TASK DETAILS: Retype exactly the span of lines below from the one with "Habe ich gemacht." through the one with "朝、伊藤くんが「この近くにイ". Do not include pictures.

PROVIDED INFORMATION:
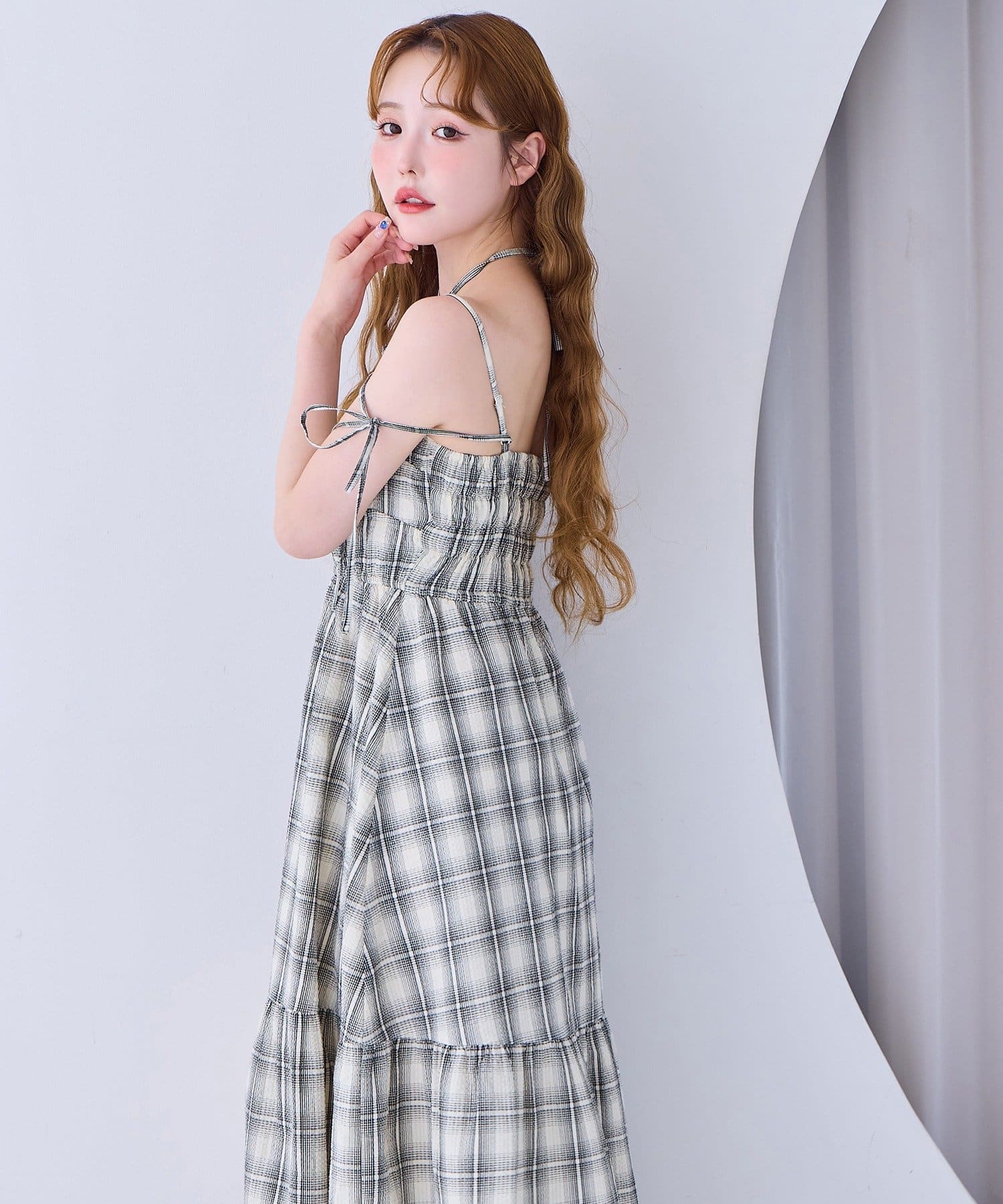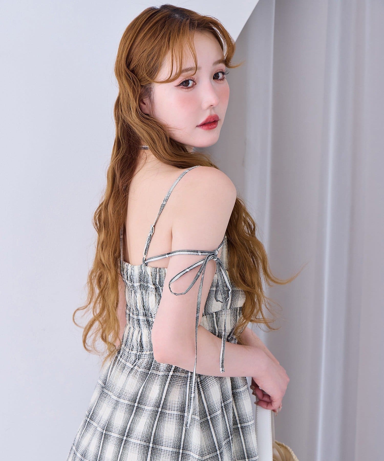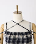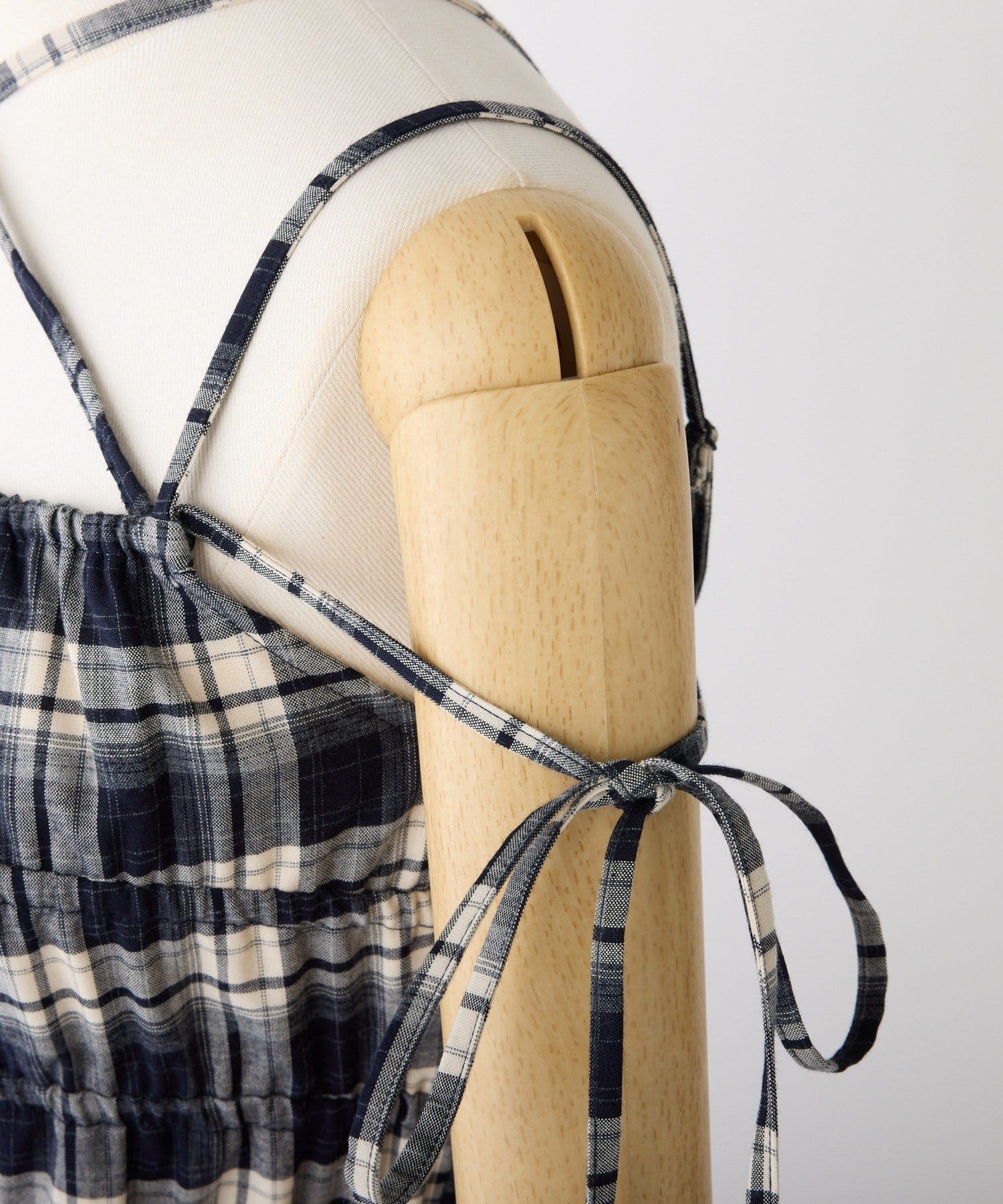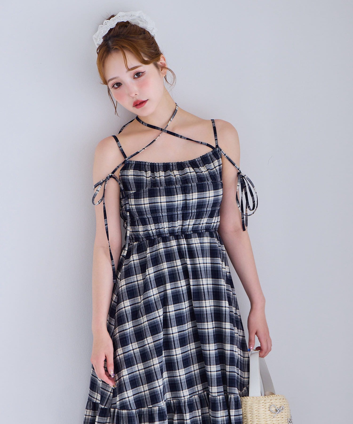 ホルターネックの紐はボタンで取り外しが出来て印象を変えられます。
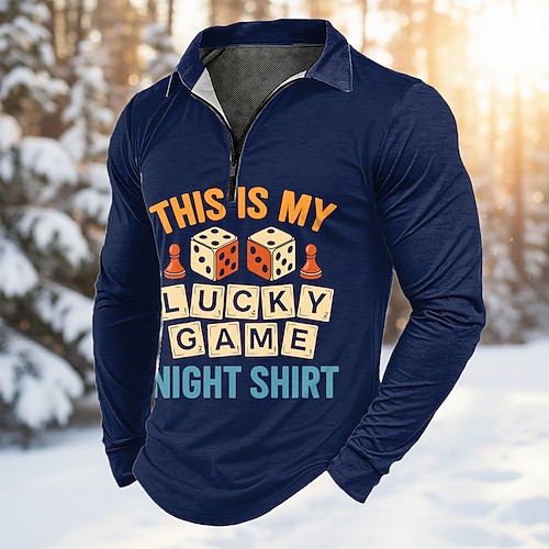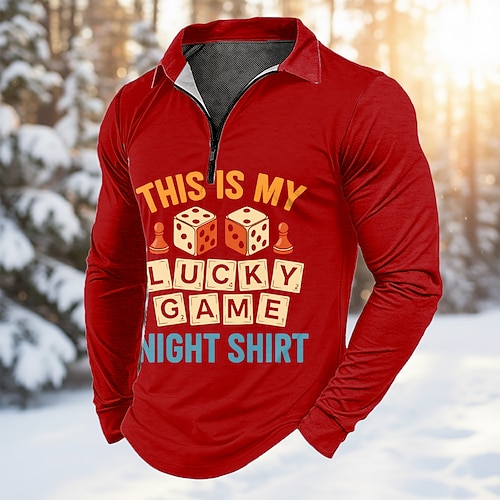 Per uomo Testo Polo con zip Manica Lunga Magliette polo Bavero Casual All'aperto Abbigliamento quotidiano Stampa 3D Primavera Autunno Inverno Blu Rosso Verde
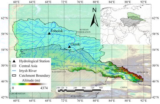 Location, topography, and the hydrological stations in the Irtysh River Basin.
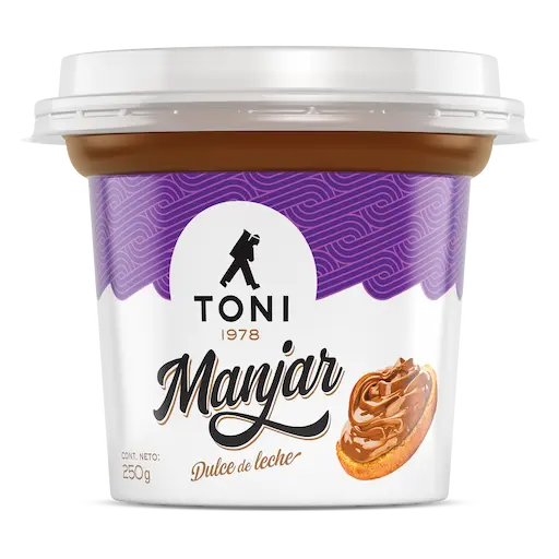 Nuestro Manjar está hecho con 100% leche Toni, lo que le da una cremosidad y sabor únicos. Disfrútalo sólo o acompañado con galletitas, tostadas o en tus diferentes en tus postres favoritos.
==
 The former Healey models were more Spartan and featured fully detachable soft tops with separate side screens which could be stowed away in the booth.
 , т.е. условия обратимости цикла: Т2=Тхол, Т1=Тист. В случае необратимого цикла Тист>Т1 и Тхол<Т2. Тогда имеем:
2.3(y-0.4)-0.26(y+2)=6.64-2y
---
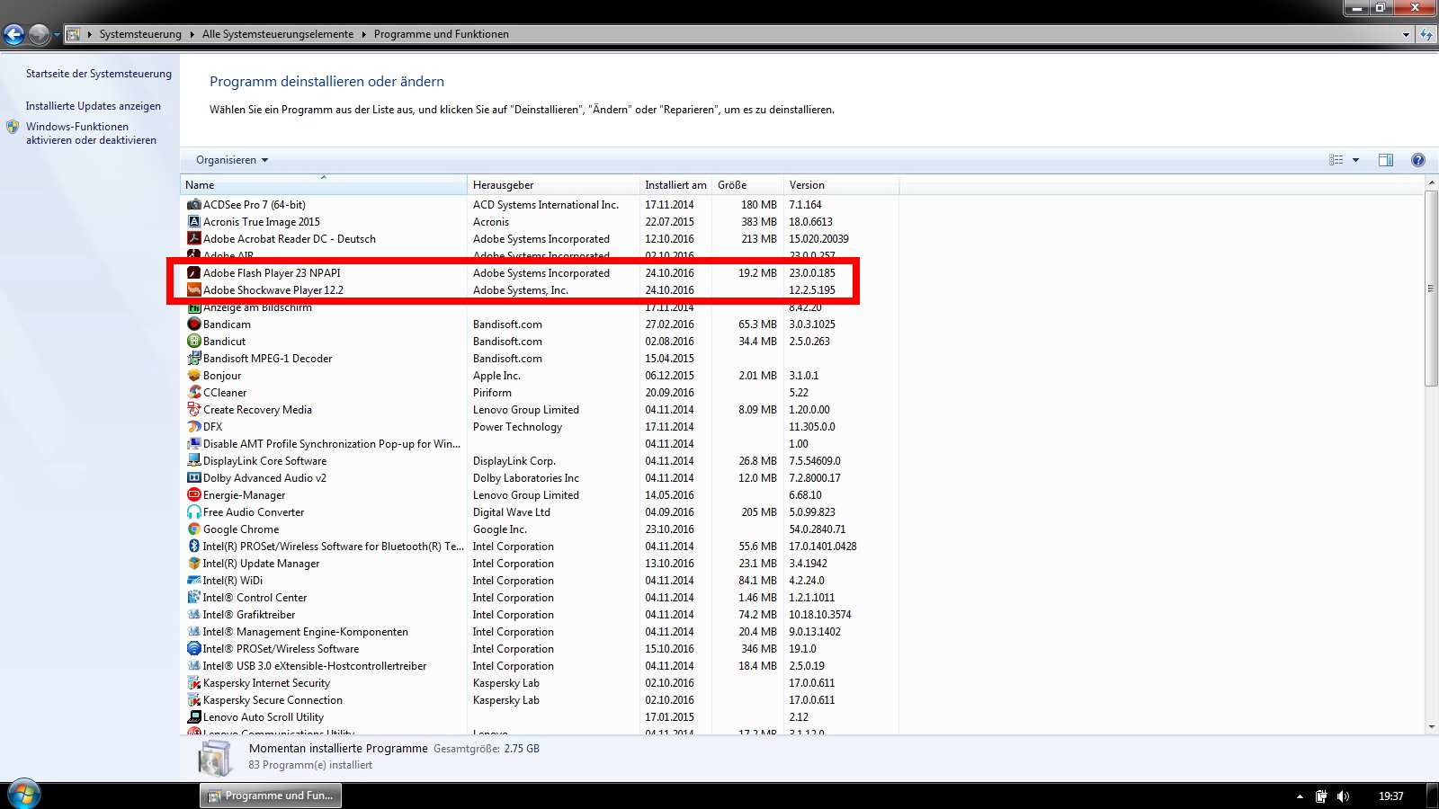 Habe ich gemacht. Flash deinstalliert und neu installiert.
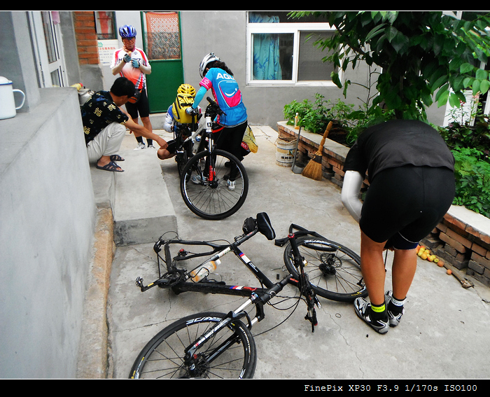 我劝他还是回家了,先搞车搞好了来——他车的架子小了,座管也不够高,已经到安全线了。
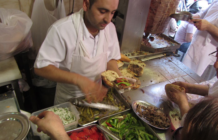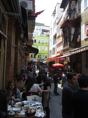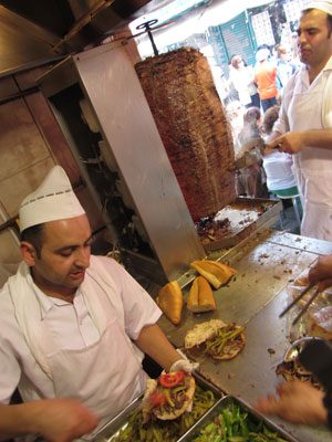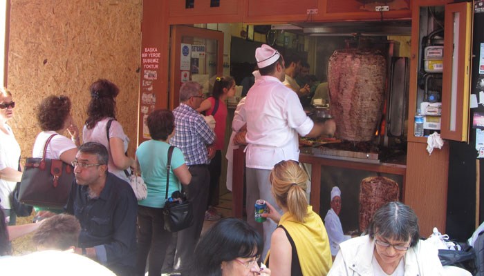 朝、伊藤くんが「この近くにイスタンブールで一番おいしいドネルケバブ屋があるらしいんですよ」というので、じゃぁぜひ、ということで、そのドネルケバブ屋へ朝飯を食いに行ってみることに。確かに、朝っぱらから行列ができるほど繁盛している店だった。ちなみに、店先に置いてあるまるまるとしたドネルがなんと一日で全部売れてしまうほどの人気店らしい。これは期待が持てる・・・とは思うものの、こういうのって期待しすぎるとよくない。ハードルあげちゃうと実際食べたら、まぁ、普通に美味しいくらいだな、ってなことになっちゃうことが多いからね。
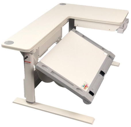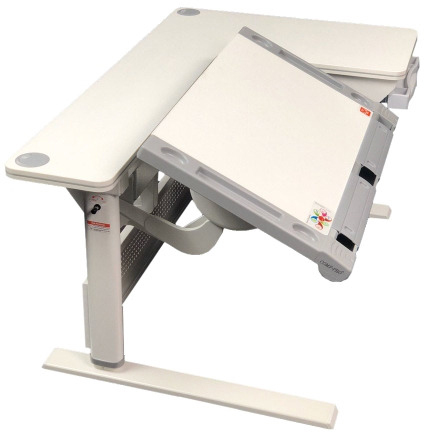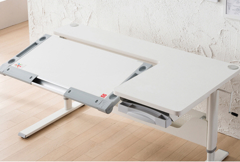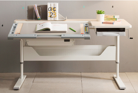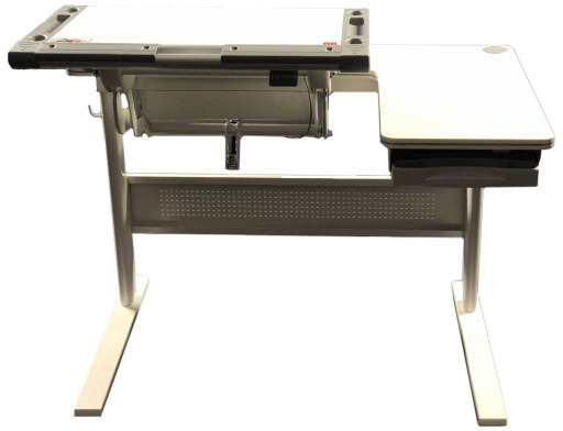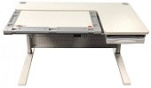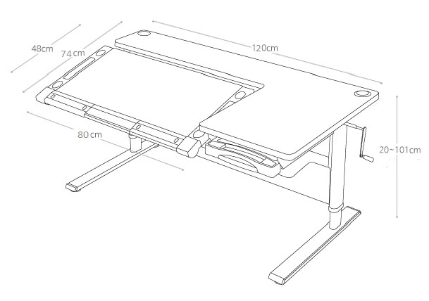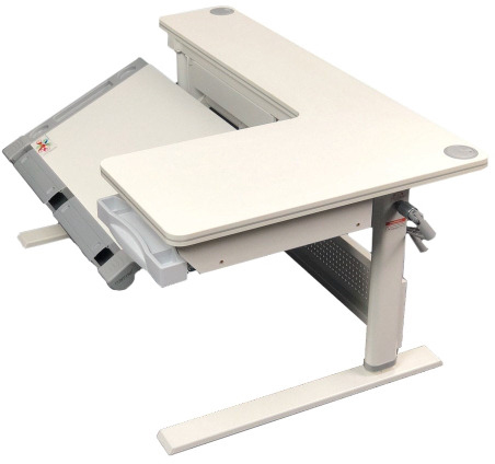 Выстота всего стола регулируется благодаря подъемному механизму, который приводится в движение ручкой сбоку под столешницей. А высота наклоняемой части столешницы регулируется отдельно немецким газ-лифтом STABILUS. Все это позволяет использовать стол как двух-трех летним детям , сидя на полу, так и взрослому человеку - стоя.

OUTPUT:
 Habe ich gemacht. Flash deinstalliert und neu installiert.
 我劝他还是回家了,先搞车搞好了来——他车的架子小了,座管也不够高,已经到安全线了。
 朝、伊藤くんが「この近くにイスタンブールで一番おいしいドネルケバブ屋があるらしいんですよ」というので、じゃぁぜひ、ということで、そのドネルケバブ屋へ朝飯を食いに行ってみることに。確かに、朝っぱらから行列ができるほど繁盛している店だった。ちなみに、店先に置いてあるまるまるとしたドネルがなんと一日で全部売れてしまうほどの人気店らしい。これは期待が持てる・・・とは思うものの、こういうのって期待しすぎるとよくない。ハードルあげちゃうと実際食べたら、まぁ、普通に美味しいくらいだな、ってなことになっちゃうことが多いからね。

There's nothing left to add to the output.